She opened her eyes and stared at me. "Hmm?" she hummed.

"Do you think cockroaches pee?" I asked her.

Lauren stared at me. She looked at the digital clock on our bedstand. It read 2:49 AM. She sighed and looked back at me. "Honestly? I don't think so," she replied.

I pouted. "Hmm. I'll look it up." She nodded and went back to sleep. I took my phone from the bedstand and turned on the wifi. I laid my head back on Lauren's chest and continued with my search for answer to my  cockroach question.

"So it turns out they don't pee. Most insects can't apparently," I said loudly, mostly to myself.

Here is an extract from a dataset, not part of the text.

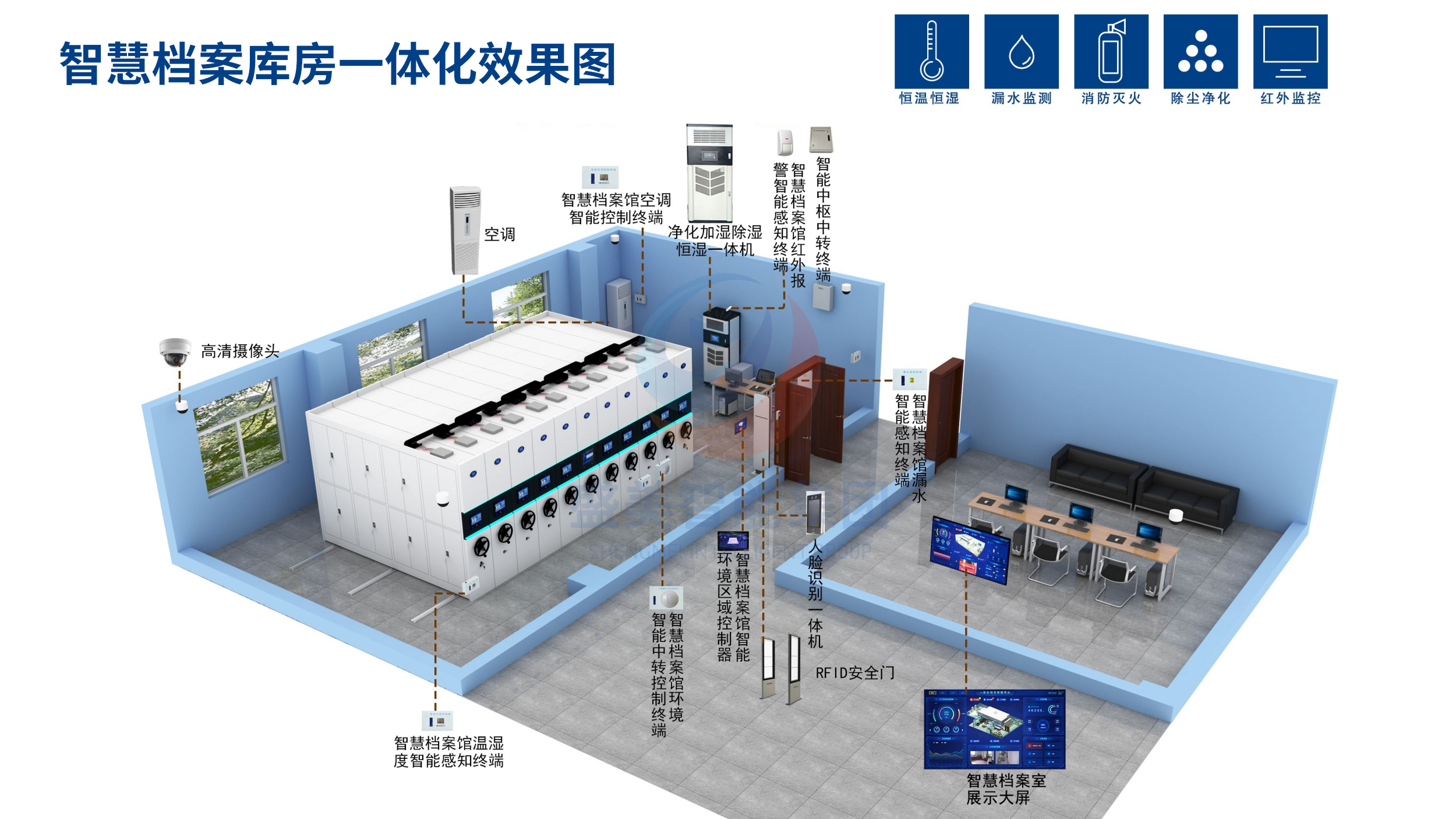 主营:智能密集柜,智能化一体档案室,数字化档案库房,档案室环境监控系统

"Oh! Babe, do cockroaches poop?" I asked her.

"Yes, I believe so," she answered sluggishly.

I Googled it. Yes, they poop.

"Omg, Laur, there's different kinds of cockroaches! Whoa!" I exclaim.

Lauren let out a giggle, making me feel the vibrations from her chest. "Baby, it's three am, go back to sleep," she said. She took my phone out of my hands and placed it on the bedstand. I pouted and frowned. She gave me a quick peck and closed my eyes for me. A few minutes later, I open my eyes and poke Lauren's waist.

"Laur, do cockroaches have penises?" I inquired.

"Probably. Go back to sleep, Y/N/N," she said tiredly. She draped her arm around my chest and went back to sleep. A few minutes later, I carried her arm off me and I took my phone back.

After watching a minute video of two cockroaches stuck together, I cringed and turned it off. So apparently, yes they have a penis-ish kind of thing. And they stick together after sex. And they have sex facing away from each other. Imagine doing that. You probably won't be able to do that.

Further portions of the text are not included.